### Activity
Print exactly the lines below between the line containing "This beautiful and" and the line containing "시민 인터뷰 1위 국민 템 네고! 노세범 미네랄 파우더 3개 8,900원!", counting both of those lines. Leave pictures out.
[Opening Task inputs section]
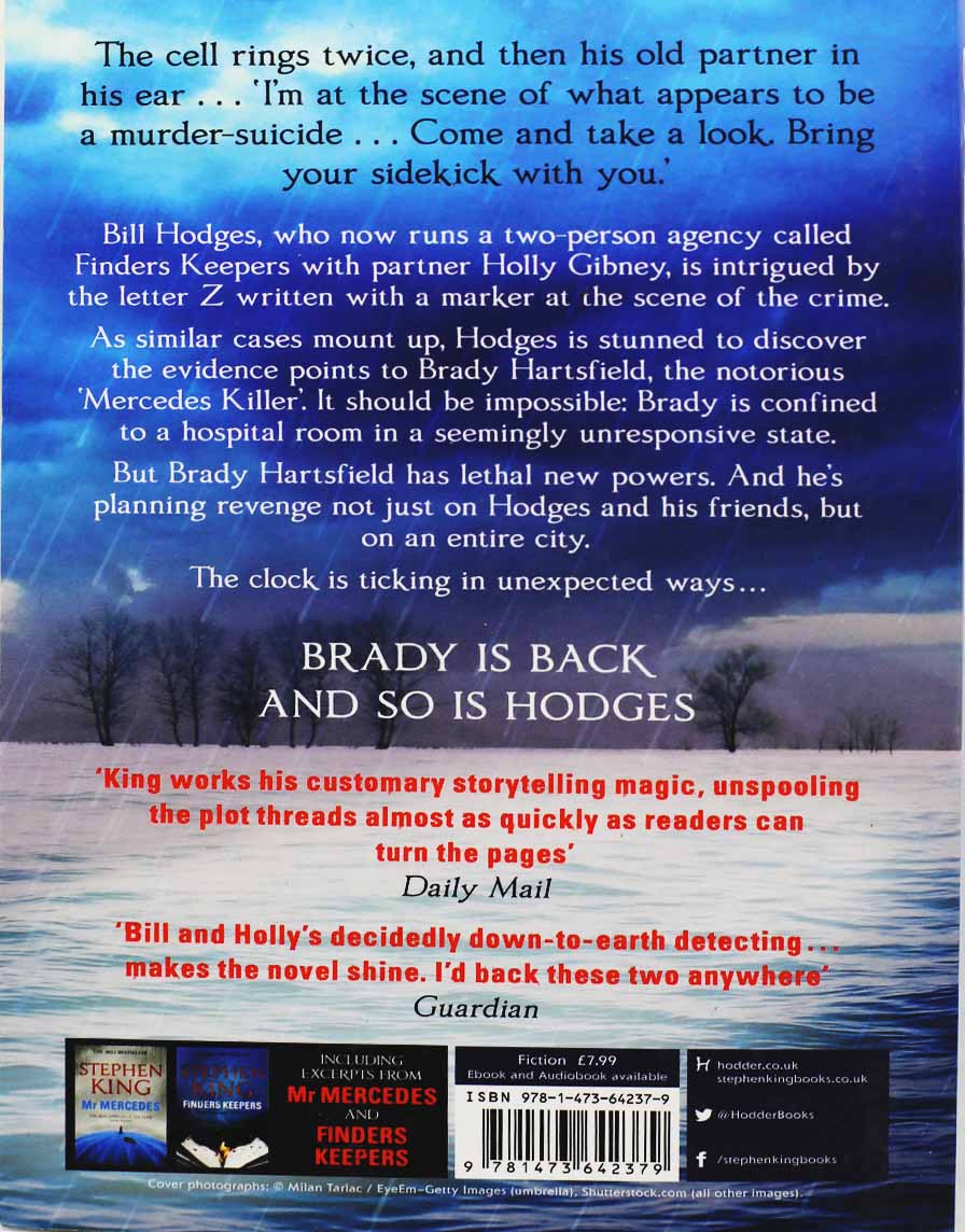 Read MoreThe cell rings twice, and then his old partner in his ear . . . 'I'm at the scene of what appears to be a murder-suicide . . . Come and take a look. Bring your sidekick with you.' Bill Hodges, who now runs a two-person agency called Finders Keepers with partner Holly Gibney, is intrigued by the letter Z written with a marker at the scene of the crime. As similar cases mount up, Hodges is stunned to discover the evidence points to Brady Hartsfield, the notorious 'Mercedes Killer' who they helped to convict. It should be impossible: Brady is confined to a hospital room in a seemingly unresponsive state. But Brady Hartsfield has lethal new powers. And he's planning revenge not just on Hodges and his friends, but on an entire city. The clock is ticking in unexpected ways... BRADY IS BACK. AND SO IS HODGES. The extract above is abridged from End of Watch.
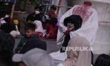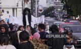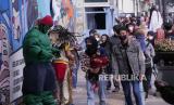 Pengunjung memadati kawasan wisata cosplay, di Jalan Asia Afrika, Alun-alun Kota Bandung, Senin (2/1/2022). Kawasan jantung Kota Kembang ini menjadi favorit pengunjung khususnya yang datang dari luar kota, di masa libur sekolah dan tahun baru. (FOTO : Edi Yusuf/Republika)
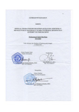 Shorfana, Muhammad Iqbal (2021) Optical Character Recognition (Ocr) Pada Sertifikat Menggunakan Maximally Stable Extremal Regions Dan Support Vector Machine. Other thesis, Universitas Komputer Indonesia.
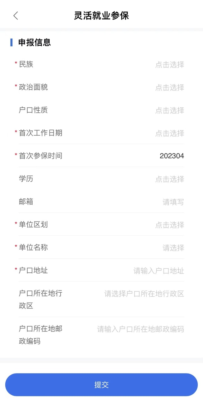(2)进入办理页面填写信息后提交,即可办理灵活就业参保。
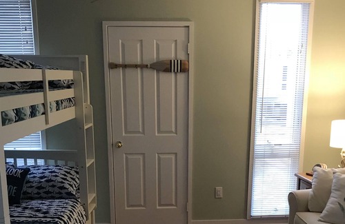 This beautiful and spacious condo is located on Montauk Downs Golf Course and is a 5-minute bike ride to both Ditch Plains and to town. Private carport area includes 5 surf board racks for easy loading. The condo is multi-level. It has two master bedrooms, both with a queen-sized bed, a balcony, a walk-in closet and their own bathrooms right outside of their doors. The third "kids" bedroom has a full over full bunk with a twin trundle, a pull-out couch and a gaming TV. On the first floor is a living room with a fireplace, a kitchen, dining room and a charming patio with a Weber grill. This is the perfect place for your family vacation or your escape from the city!
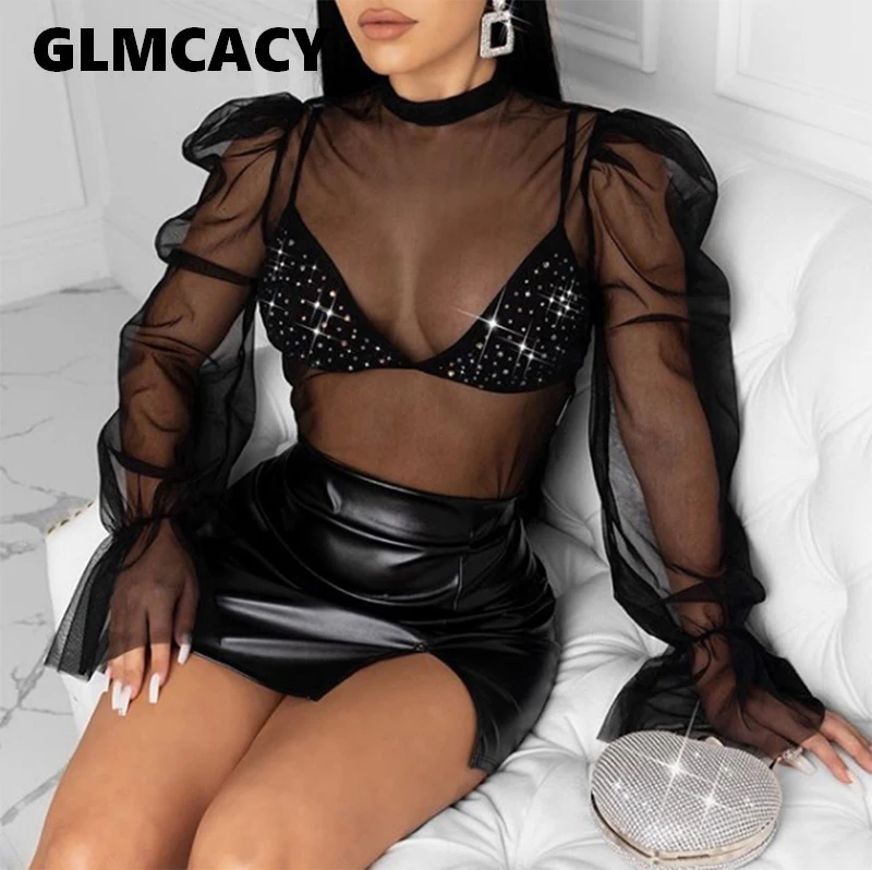 Women Spring Summer Turtleneck Solid See Through Blouse Tops Basic Shirt Top with Embellished Bra
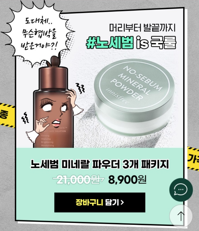 시민 인터뷰 1위 국민 템 네고! 노세범 미네랄 파우더 3개 8,900원!
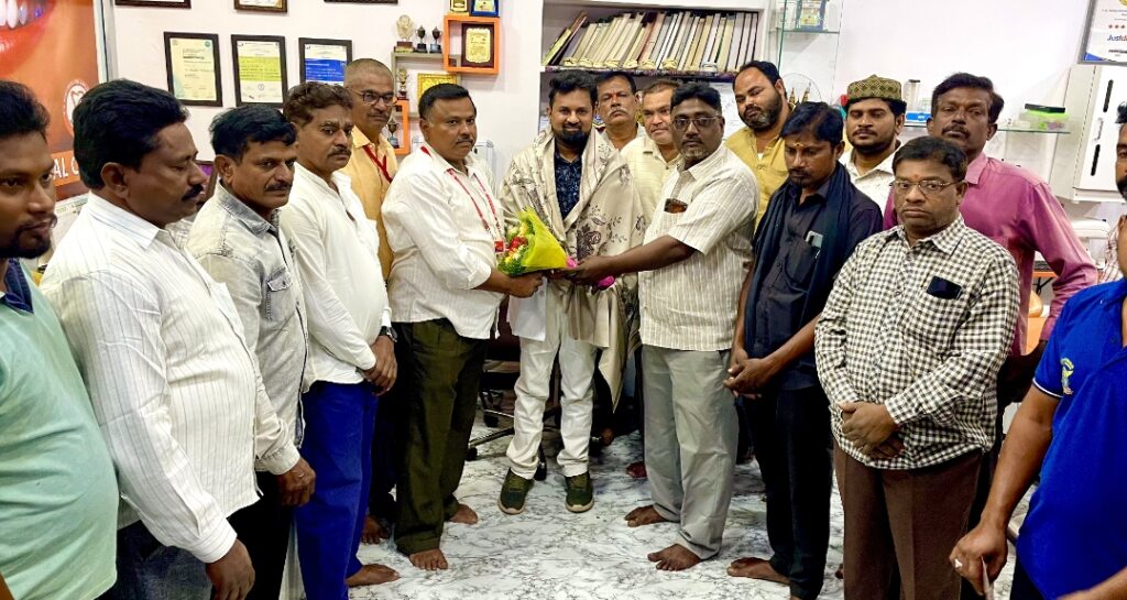 నంద్యాల : నోటిని ఆరోగ్యంగాఉంచుకుంటే ఎన్నో రకాల రోగాలను అరికట్టవచ్చని కెఎం రెడ్డి దంత వైద్యశాల అధినేత డాక్టర్ కెఎం. రెడ్డితెలిపారు. స్థానిక పట్టణంలోని కెఎం రెడ్డి దంత వైద్యశాలలో నవ్యాంధ్ర బైక్ మెకానిక్ అసోసియేషన్ సభ్యులకు ఉచిత దంతఅవగాహన కార్యక్రమం నిర్వహించారు. ఈ కార్యక్రమంలో దాదాపు 50 మంది బైక్ మెకానిక్ లకుఉచిత దంత పరీక్షలు నిర్వహించి ఉచిత దంత వైద్యాన్ని అందించారు. ఈ సందర్భంగా డాక్టర్ కెఎంరెడ్డి బైక్ మెకానిక్ లకు పలు సూచనలు చేశారు.దంతాలను ఎలా పరిశుభ్రం చేసుకోవాలో డెమోప్రదర్శన ద్వారా చూపించారు. దంత సంరక్షణ చర్యలగురించి అవగాహన కల్పించారు, దంతాలు పరిశుభ్రంగా ఉంచుకోకపోతే జరిగే నష్టాలను వివరించారు.కనీసం ఆరు నెలలకు ఒకసారి దంత పరీక్షలు చేయించుకోవాలని సూచించారు. పొగ తాగడం, గుట్కా, పాన్ మసాలా వల్ల జరిగే నష్టాలు వివరించి అవగాహన కల్పించారు. అనంతరం డాక్టర్ కెఎం. రెడ్డి మాట్లాడుతూ మానవ శరీరంలో గుండె, ఊపిరితిత్తులు, కిడ్నీలు అతిముఖ్యమైనవని దంతాలకు కూడా వాటంత ప్రాధాన్యంఉందన్నారు. 32 పన్నుల్లో ఒకటిపోయినా ఇబ్బంది ఏమి ఉండకపోవడంతో అందరూ తేలికగా తీసుకుంటారని అయితే మానవ శరీరంలో ఉన్న అవయవాలు సమర్ధవంతంగా పనిచేసేందుకు శక్తినిచ్చేది మాత్రం దంతాలే అన్నారు. ఆహారాన్నినమిలి మింగడానికి ఇది దోహద పడుతుందని, అప్పుడే శరీరానికి కావాల్సినంత శక్తి సమకూరుతుందని తెలిపారు. నోటిని ఆరోగ్యంగా ఉంచుకుంటే ఎన్నో రకాల రోగాలను అరికట్టవచ్చని తెలిపారు. అనంతరం బైక్ మెకానిక్ అసోసియేషన్ నాయకులు రాష్ట్ర ఇన్చార్జి అధ్యక్షుడు నూర్ భాషా, ముఖ్య సలహాదారుడు రాముడు, వన్ టౌన్ అధ్యక్షుడు మహమ్మద్ రఫీ ,టూ టౌన్ అధ్యక్షుడు సూరి , ఉపాధ్యక్షుడు సౌదీ మహమ్మద్ రఫీ, సెక్రటరీ గౌస్ మొహిద్దిన్, ట్రెజరీ అనిల్ ,జాయింట్ సెక్రటరీ చంద్రశేఖర్ ఆచారి, 10 మండలాల ఇన్చార్జి అన్వర్ భాష, 20 మండలాల ఇంచార్జ్ బాలి రెడ్డి, సభ్యులు ఉచిత దంత పరీక్షలు నిర్వహించిన డాక్టర్ కె.ఎం. రెడ్డి, డాక్టర్ సింధుజ,డాక్టర్ శ్రావణి లను ఘనంగా సత్కరించారు.
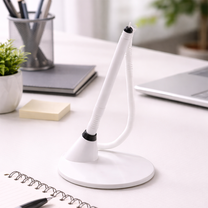 Bolígrafo plástico con soporte adhesivo y cadena extensible.
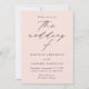 Minimalist, modern wedding invitation featuring your wedding details in simple black lettering with "the wedding of" in an elegant calligraphy script with a blush background. The invite reverses to display your vertical engagement photo. Designed to coordinate with our Modern Elegance wedding collection.
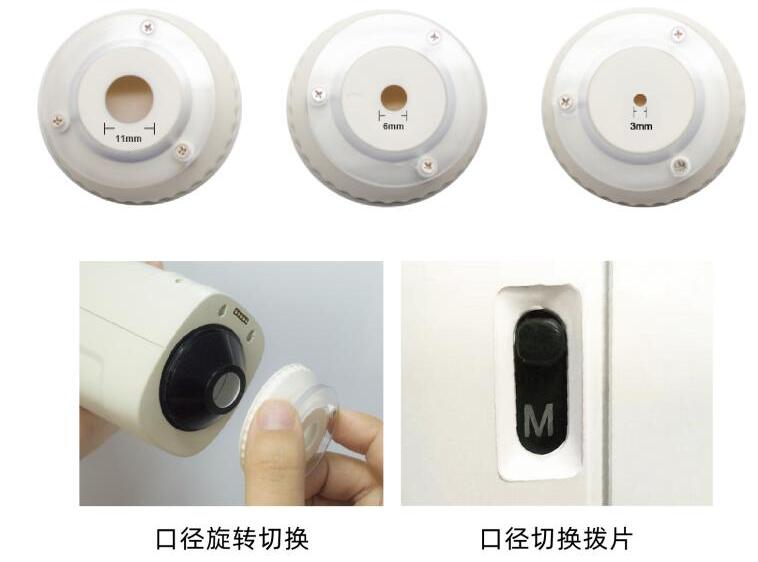 (6)提供三口徑切換(11mm,6mm,3mm) 旋轉即可切換口徑,告別了繁瑣的手動擰螺絲固定口徑方式。 大口徑(Φ11mm)撥到“M”檔。 小口徑(Φ6mm、Φ3mm)撥到“S”檔。
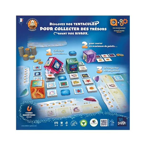 En cours de partie, marquez des points chaque fois que vous videz les faces de votre cube et, en fin de partie, remportez des majorités pour augmenter votre score.
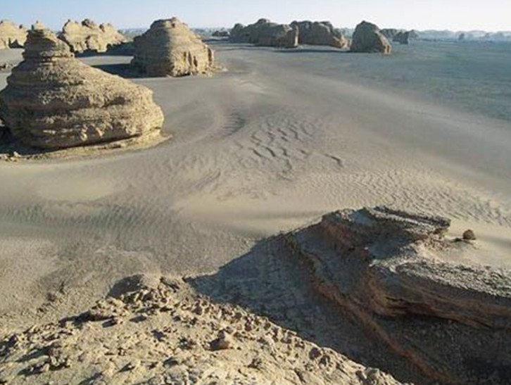 羅布泊地區(qū)三大雅丹群之一,位于羅布泊北岸。土臺群皆為東西走向,成長條土臺,遠看為游龍,故被稱為龍城。龍城雅丹又稱為白龍堆雅丹,并被《中國國家地理》評選為中國最美的三大雅丹第二名,譽為“最神秘的雅丹”,因為極少有人見過它的真貌。
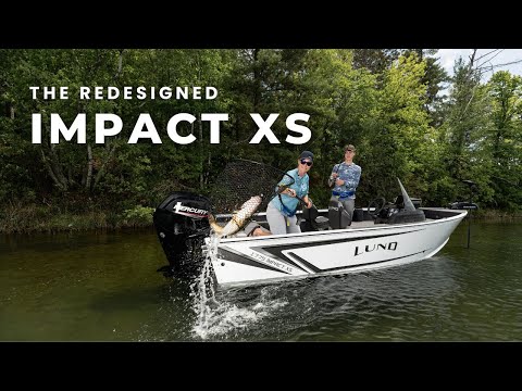 2025 Lund 1875 Impact XS Sport. Popular 18'10" fishboat powered by a Murcury 150 Pro XS 4 stroke with Hydraulic tilt steering. Full vinyl flooring, gunmetal w/ black accents, red raised logos, bow cargo nets, under console drawers port and starboard, sport top, phone charger, top hider, travel cover, and factory trailer.
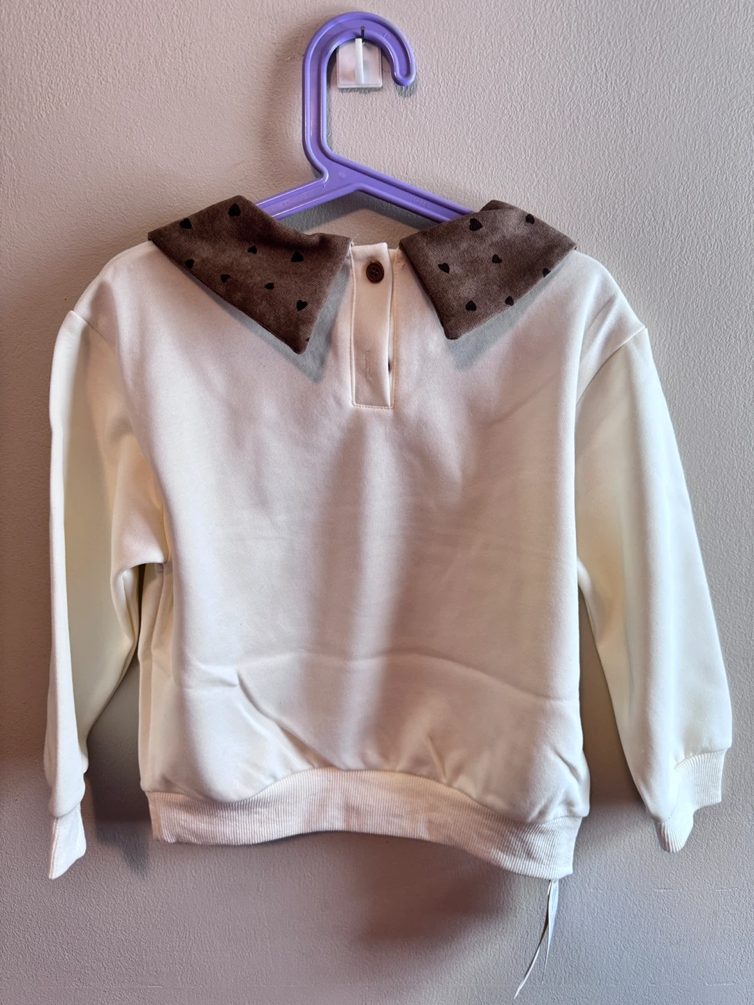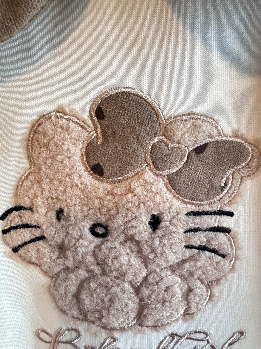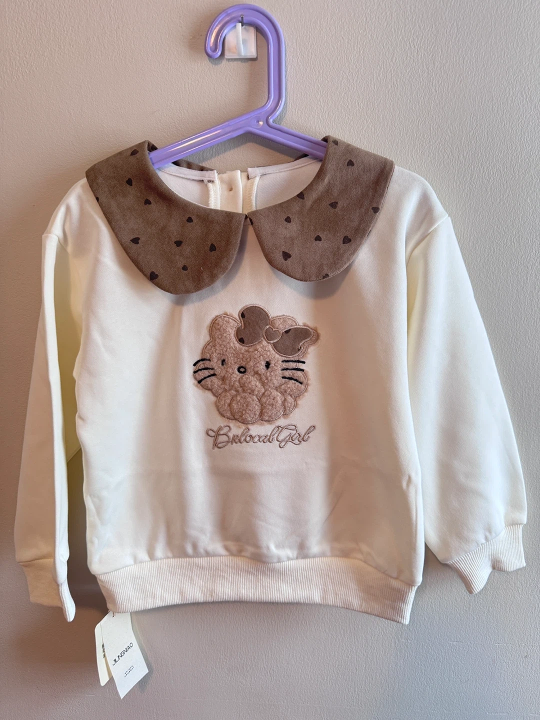 Super cute Hello Kitty sweater and skirt set! The sweater is a soft white with a brown collar and a Hello Kitty design on the front. The skirt is brown with a heart pattern. 80% cotton material.
[Closing Task inputs section]
### Response to this task
 This beautiful and spacious condo is located on Montauk Downs Golf Course and is a 5-minute bike ride to both Ditch Plains and to town. Private carport area includes 5 surf board racks for easy loading. The condo is multi-level. It has two master bedrooms, both with a queen-sized bed, a balcony, a walk-in closet and their own bathrooms right outside of their doors. The third "kids" bedroom has a full over full bunk with a twin trundle, a pull-out couch and a gaming TV. On the first floor is a living room with a fireplace, a kitchen, dining room and a charming patio with a Weber grill. This is the perfect place for your family vacation or your escape from the city!
 Women Spring Summer Turtleneck Solid See Through Blouse Tops Basic Shirt Top with Embellished Bra
 시민 인터뷰 1위 국민 템 네고! 노세범 미네랄 파우더 3개 8,900원!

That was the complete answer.